Have you experienced that moment? You, like me, may have come to a place where you see your child in the man or woman on the street corner or in the news. It changes your perspective, for sure. No longer is that individual seen with the same disdain or judgment. They are seen as somebody else’s child.

Fast forward a few years and our son who struggles with addiction was pulled off the street by a police officer. In that moment, “somebody else’s child” was our own.

As hard as these experiences have been, they have definitely shaped my ability to feel compassion. So often, I ask myself how that man or woman on the street ended up there. Yes, it could be bad decisions or even their own choice. But, I always wonder – is there something else? And, where is their family? I ache for the mom and the dad, the siblings and grandparents of this soul.

You may be reading this while your child is on the streets. You may be unsure of where they are or if they are ok. You may live in dread of the phone call. If that is you, I am so sorry.
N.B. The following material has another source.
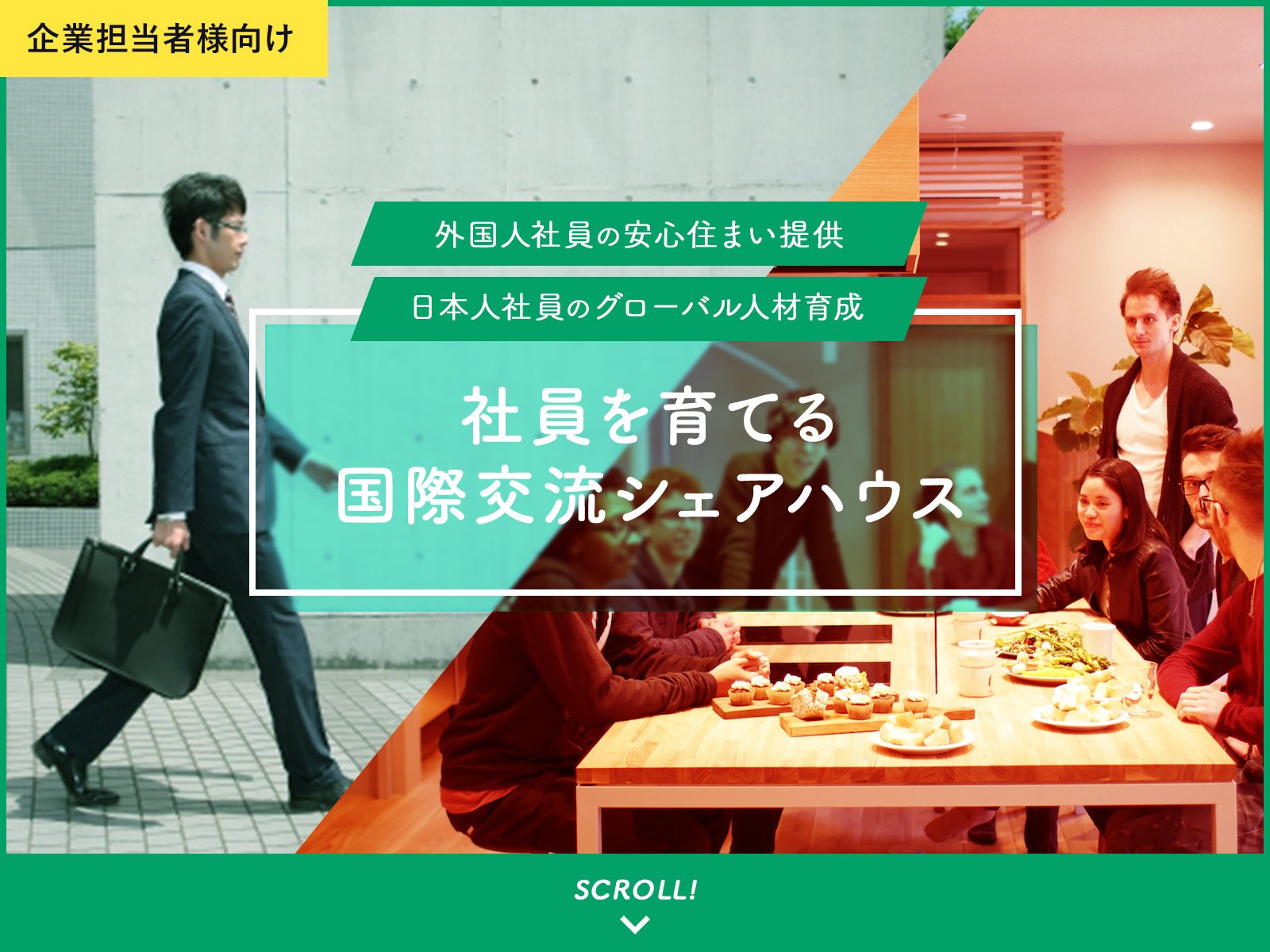 最近では、企業の新しい取り組みとして、日本人社員のグローバル人材育成という観点で、滞在型研修という新しいプログラムとしてボーダレスハウスを選んでいただいたり、外国人社員の滞在先としてボーダレスハウスを法人でご契約いただくケースも急増しています。

I know from others I have spoken with that it is a difficult place to live. It takes a lot of deep breathing and meditation and prayer to get to the point where you can find some peace in this. If you don’t have a support group, I would encourage you to find one. Find a group who can help you be strong and to make decisions that will help your child choose a different life.

For the rest of us, I would encourage you to pray for those on the streets and for their families. Making their lives “easier” on the streets is not necessarily the answer, sometimes being uncomfortable is the best incentive to get clean or make other healthy choices. But, treating the individual as a person who has value and is loved is one way of being Christ to that person. How would I want others to treat my son or daughter if they were in the same situation? Remembering that this man or woman is someone’s child can go a long way in terms of shifting how we perceive and interact with others.